Approximate Collapsed Gibbs Clustering with Expectation Propagation
This work addresses a computational bottleneck for researchers and practitioners using MCMC methods in clustering, though it is incremental as it builds on existing sampling and approximation techniques.
The paper tackles the intractability of collapsed Gibbs sampling in complex latent variable cluster models by approximating the necessary integrals using expectation propagation, enabling a runtime-accuracy tradeoff with competitive accuracy much faster than naive Gibbs samplers in case studies like mixtures of Student-t's and time series clustering.

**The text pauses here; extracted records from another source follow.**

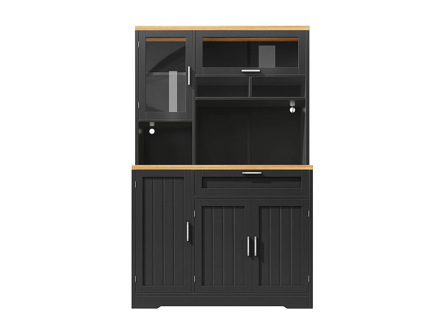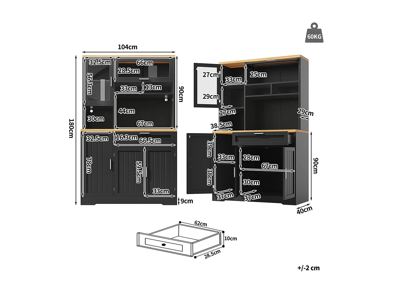 Küchenschrank, Oberschrank/Vitrine mit LED-Beleuchtung, 104x40x180 cm, schwarz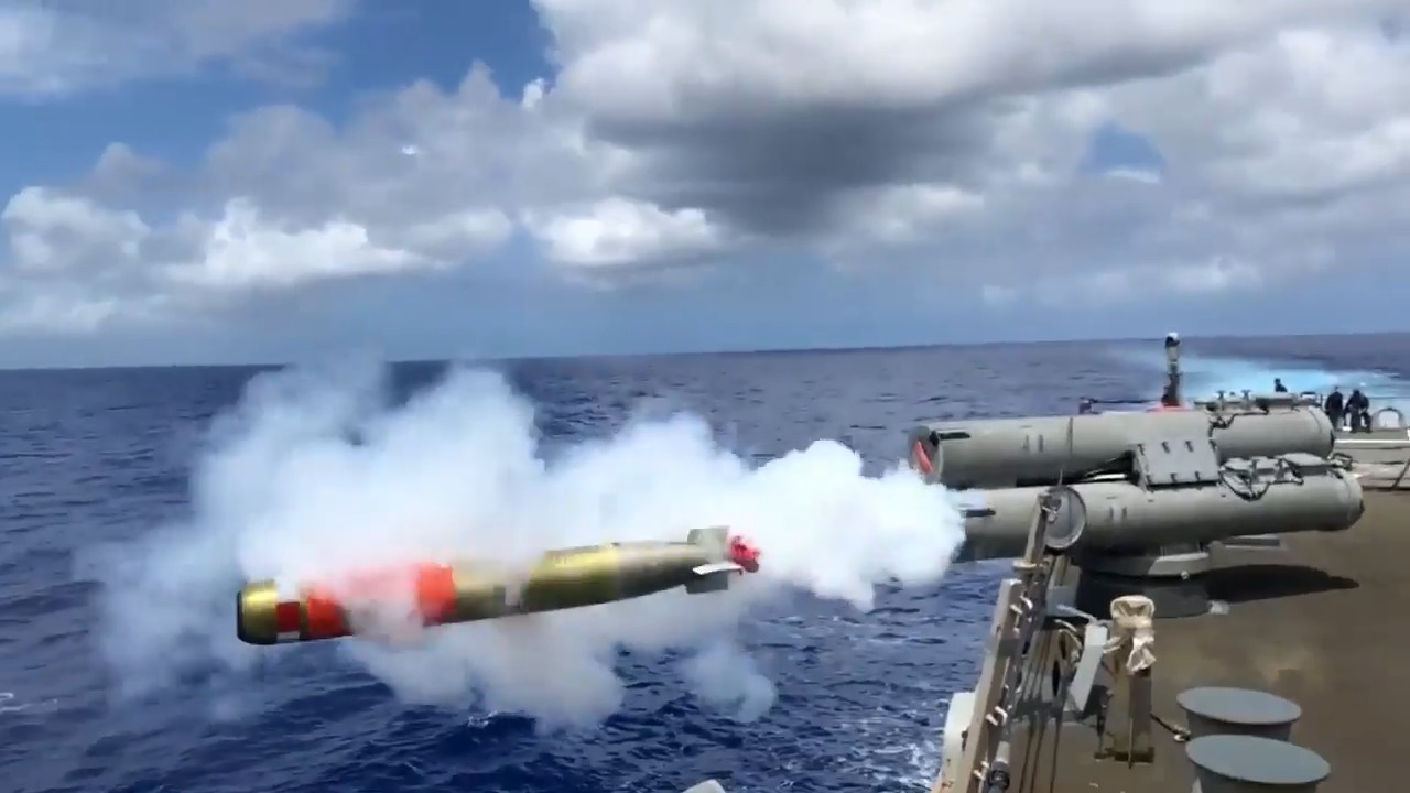 The destroyer USS Curtis Wilbur launches a recoverable exercise torpedo and fires her forward 5" MK45 gun.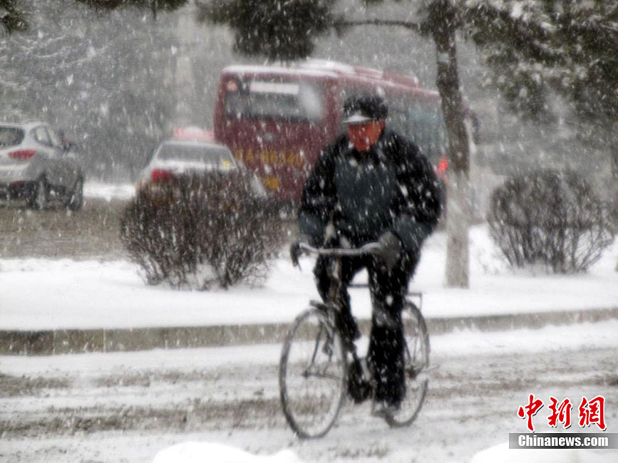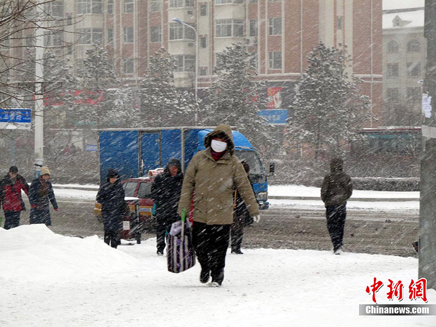 12月10日上午,長春街頭市民冒雪出行。從9日下午開始,吉林省遭遇大到暴雪,截至10日上午8時(shí),長春市農(nóng)安縣降雪量最大,達(dá)到9.1毫米,雪深達(dá)12厘米。據(jù)悉,大雪致使長春龍嘉國際機(jī)場兩度關(guān)閉,共有9個(gè)進(jìn)出港航班取消,千余名旅客滯留機(jī)場。中央氣象臺(tái)12月10日6時(shí)繼續(xù)發(fā)布暴雪藍(lán)色預(yù)警:12月10日08時(shí)至11日08時(shí),遼寧東北部、吉林中東部、黑龍江大部等地有大雪(5~9毫米),其中,遼寧東北部的局地、吉林中東部偏北地區(qū)、黑龍江中東部偏南地區(qū)等地有暴雪(10~15毫米)。中新社發(fā) 李彥國 攝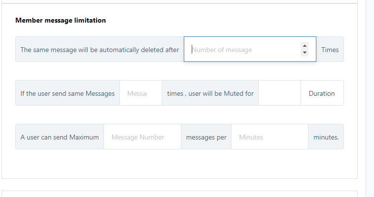 Member message limitation: This feature allows you to configure the automatic deletion of repetitive messages after a specified number of uses. Additionally, you can set up an automated mute function for users who excessively send the same message, with the ability to define the duration of this mute.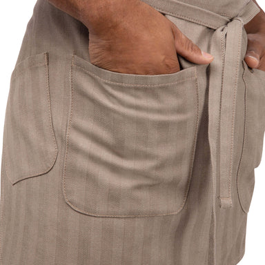 商品の特徴 生地:ポリエステル65%/綿35% 生地厚み:6.8oz. ヘリンボーン生地 大小4つのダブルステッチポケット ラウンドカットされた裾端 ほつれ止め(閂止め) 男女兼用 カラー:トープ(全3色あり) サイズ:約 丈40cm x 幅96cm 商品説明 高級感漂うヘリンボ...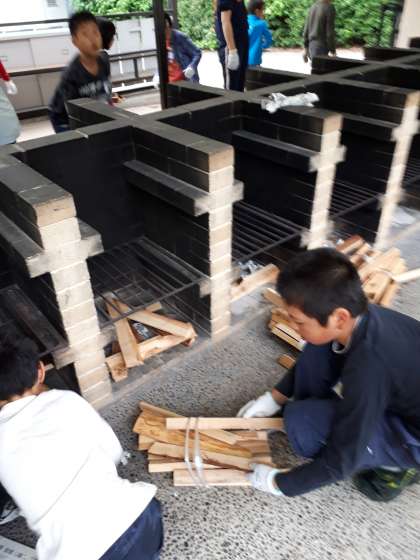 野外炊事が始まりました。先生の話を集中して聞いていました。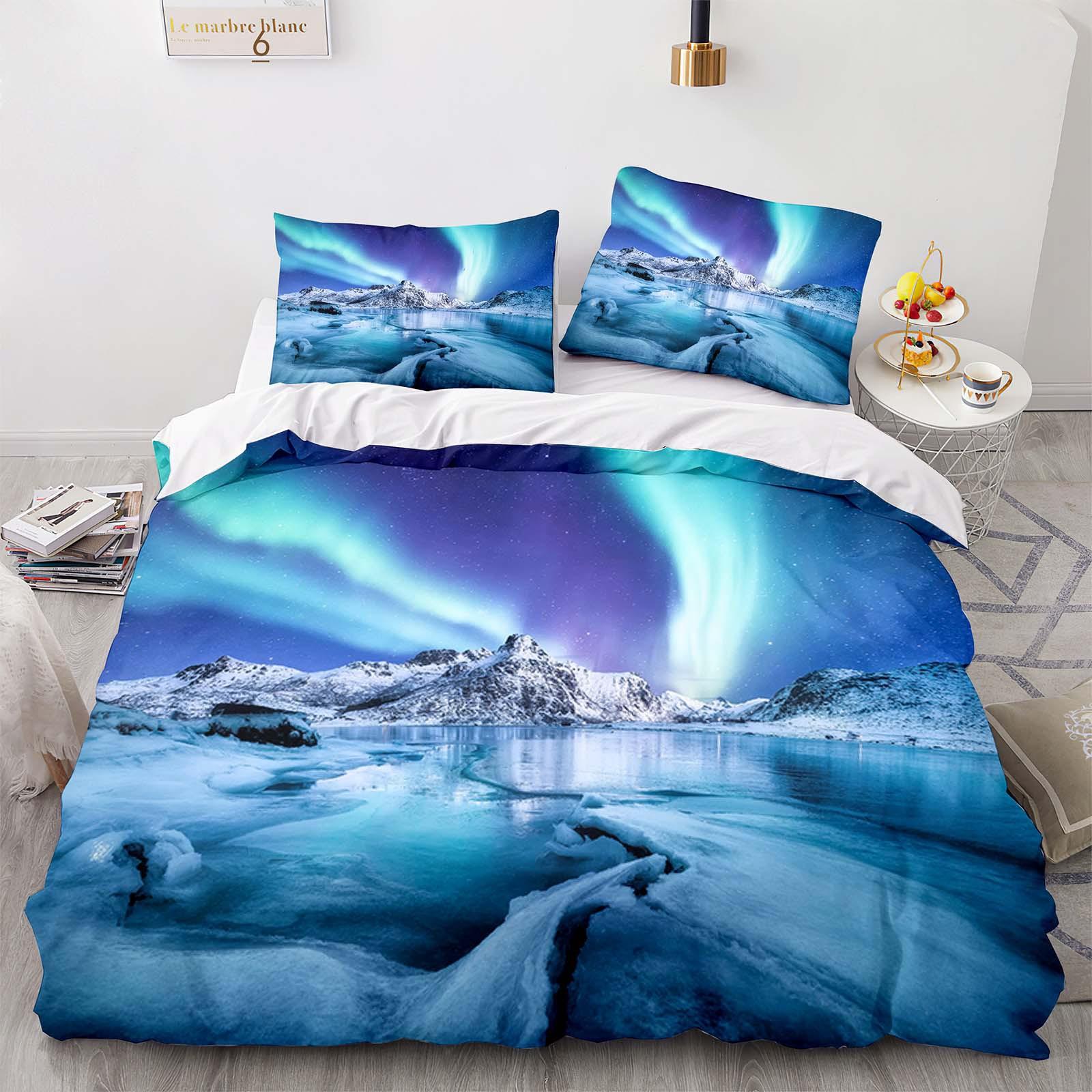 Комплект постельного белья Mountain Aurora Romantic Galaxy Landscape односпальное двуспальное двуспальное двуспальное односпальное покрывало полный размер женское постельное белье EU single(135x200cm)

We develop a framework for approximating collapsed Gibbs sampling in generative latent variable cluster models. Collapsed Gibbs is a popular MCMC method, which integrates out variables in the posterior to improve mixing. Unfortunately for many complex models, integrating out these variables is either analytically or computationally intractable. We efficiently approximate the necessary collapsed Gibbs integrals by borrowing ideas from expectation propagation. We present two case studies where exact collapsed Gibbs sampling is intractable: mixtures of Student-t's and time series clustering. Our experiments on real and synthetic data show that our approximate sampler enables a runtime-accuracy tradeoff in sampling these types of models, providing results with competitive accuracy much more rapidly than the naive Gibbs samplers one would otherwise rely on in these scenarios.